OpenAI has released a new update for its hugely popular chatbot ChatGPT to ensure it produces more factually accurate responses and to improve its basic mathematics skills. The update comes as the company also published its first “detection tool” to help spot when AI is being used in a piece of text, though this apparently has a low success rate.

OpenAI launched ChatGPT in November 2022 and has been gradually improving it since it was launched. (Photo: Ascannio/Shutterstock)

Though its creators did not expect it to prove popular, within a few days of launching at the end of November last year ChatGPT had passed the million-user mark, and has since become a viral sensation. Since its launch OpenAI has been slowly improving the system, adding new functionality and cleaning up responses to make the chatbot more accurate.

Earlier this month it gave users the ability to stop it from generating a response halfway through if it wasn’t churning out what they expected. It also had the first accuracy boost.

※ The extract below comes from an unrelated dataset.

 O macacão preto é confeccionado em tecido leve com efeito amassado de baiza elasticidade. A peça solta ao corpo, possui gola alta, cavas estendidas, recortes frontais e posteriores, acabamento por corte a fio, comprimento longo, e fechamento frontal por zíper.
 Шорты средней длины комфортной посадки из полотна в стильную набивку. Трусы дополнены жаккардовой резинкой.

Accuracy has been one of the biggest problems facing the chatbot since its launch, with coding site StackOverflow blocking ChatGPT-generated responses as they are often accurate-looking but wrong.

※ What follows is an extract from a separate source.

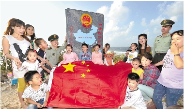 1月28日,三沙公安边防支队永兴边防派出所干警在石岛西沙主权碑前,给孩子们讲解国旗知识。春节期间,三沙公安边防支队开展 “走进三沙、走进军营”活动,让来西沙永兴岛过春节的“兵二代”们零距离感受军营生活,接受爱国主义教育。 新华社记者 赵颖全 摄

The first round of updates saw technical improvements that reduced the number of times ChatGPT would simply refuse to answer or cut out mid-response. They also placed limits placed on the number of concurrent users to reduce the load on servers. There are still extended periods when users can’t access the system due to it being at capacity.

This latest update was to improve its “factuality and mathematical capabilities”. That was the full extent of the most recent release notes. The team didn’t go into details on how it has improved those features, although ChatGPT has been known to be thrown by some mathematical problems.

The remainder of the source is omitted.